§ Assignment: Everything in the listing below should be repeated exactly, apart from the pictures.

§ Input data:
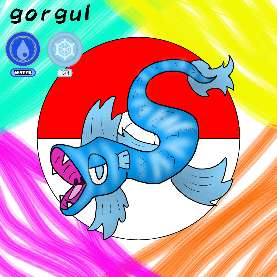 gorgul its a long giant eel pokemon, its based on ogopogo, the moray eel and the normal eel, this pokemon cryptid of the legends of the story, eating berries and other prey, like pokemon fish, land pokemon and the flying pokemon, special its the bait.
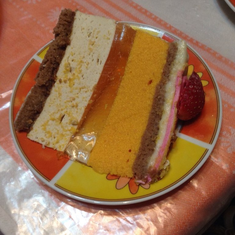 Бисквит, кофейный и морковно-апельсиновый мусс, апельсиновое желе.
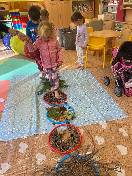 Společně jsme si užívali pobyt v přírodě a hry s přírodninami. Děti si mohly vše osahat, přivonět k plodům a pozorovat jejich barvy i tvary.

§ Exercise output:
 gorgul its a long giant eel pokemon, its based on ogopogo, the moray eel and the normal eel, this pokemon cryptid of the legends of the story, eating berries and other prey, like pokemon fish, land pokemon and the flying pokemon, special its the bait.
 Бисквит, кофейный и морковно-апельсиновый мусс, апельсиновое желе.
 Společně jsme si užívali pobyt v přírodě a hry s přírodninami. Děti si mohly vše osahat, přivonět k plodům a pozorovat jejich barvy i tvary.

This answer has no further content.